Отмечали мы примерно полчаса, а потом приехал наряд паладинов. Нас упаковали в бобик вместе с избитыми бритоголовыми. Поездка была увлекательной. Мы сидели с одной стороны, а бритоголовые на лавке по другую сторону автомобиля. Периодически обменивались ругательствами и обещаниями скорой расправы.
Связи старшего инквизитора помогли нам отмазаться от статьи за хулиганство, но переночевать в трезвяке все же пришлось. А в трезвяке ничего, прохладненько. В разбитое окно с улицы попадал снег. И дуло безбожно, но на то он и вытрезвитель.
Зубы весело постукивают, алкоголь больше не греет, как и выветрившийся адреналин. Хотя холодно было только мне. Миха отвернулся к стенке, а через пять минут захрапел как ни в чем не бывало. В девять утра пришел паладин и провел дубинкой по металлическим прутьям.
— Подъем, алкашики! Ваша бронь истекла. На выход.
С лязгом отворилась дверь, и нас вытолкали на мороз.
— А где моя машина? — Миша пытался продрать заспанные глаза, выдыхая перегарные облака пара.
— У клуба. А может, уже и на штрафстоянке, — согреть окоченевшие руки под мышками не представлялось возможным. Но я таки пытался.

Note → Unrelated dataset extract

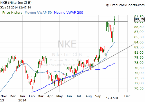 На текущий момент акции Nike (NKE) котируются по $91.07 (+0.47%)
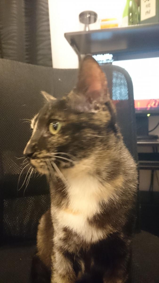 ほっぺだけでなく左目の上からも結構な太さのヒゲが…

— Слышь, Стасян, а у тебя не будет пары монет на такси? Походу, официантка мой лопатник дернула, а может, и палы (паладины). — Старший инквизитор растерянно хлопал себя по карманам.
— Стасян, я плачу, Стасян будет весело, Стасян займи бабок. Ладно, нищеброд, держи, — протянул другу помятую пятисотенную купюру.
— Ты ей подтирался, что ли? — инк брезгливо взял купюру, после чего скосил на меня глаза.
— Ну конечно же! Подтерся и носил с собой в ожидании момента, когда ты взаймы попросишь.
— Оно и видно.
Мишке нужно было ехать в другую часть города. Увы, социальная пропасть между нами разнесла наши апартаменты подальше друг от друга. Вызвали две брички. Как только подъехала первая, махнул инквизитору рукой и запрыгнул в такси, стуча зубами.
— Шеф! Печку на полную! Устрой тут долбанное лето! Держи сотку сверху.
Таксист хотел было возмутиться, но, почувствовав в руке дополнительную купюру, расплылся в улыбке и врубил печку на максимум. Окоченение потихоньку отступало. А таксист, хоть и обливался потом, за дополнительную плату готов был терпеть и не такое. Он всю дорогу травил байки, порой посматривая на меня в зеркало заднего вида.
— Короче, вез я как-то прелата. Он мне и говорит: «Сегодня с Солнцеликим беседовал, он сказал, что война скоро будет». Прикинь! Война! Бред какой-то. Мож, он и не прелат был, а ряженый какой?
— Да не, за такое срок полагается.
— Ну я хрен его знает. Тогда, мож, пошутил. Две недели прошло, а о войне ни сном ни духом. Все тихо мирно, — водила примирительно развел руками, из-за чего мы чуть не слетели с дороги, когда машина попала в колею.
— А с кем нам воевать? От других стран нас пустошь отделяет. Че там брать, кроме разломов с рогатыми? Нам их и внутри страны хватает,— история показалась интересной, решил поддержать разговор, может, еще что интересное всплывет.
— Я за что купил, за то продал. А так-то верно говоришь, у самих жопа, куда-то соваться смысла нет. Значит, насвистел прелат, получается. От трепла. А ты сам кем трудишься?
— Экзорцист, — сказанное лупануло стальным молотом по затылку водиле.
— Хе-хе. Я это, прошу прощения, про прелата просто шутка была. Я ж не клевещу, нет. Я так, сдуру пошутил, — пресмыкаясь, начал оправдываться он.
— Забей. Мне на тебя стучать нет никакого смысла. Ты же не демонов в такси призываешь. А выявлять инакомыслящих не моя работа.
— И то верно. Премного благодарен. А то сам понимаешь, сейчас времена такие. Ляпнул что-то, и привет.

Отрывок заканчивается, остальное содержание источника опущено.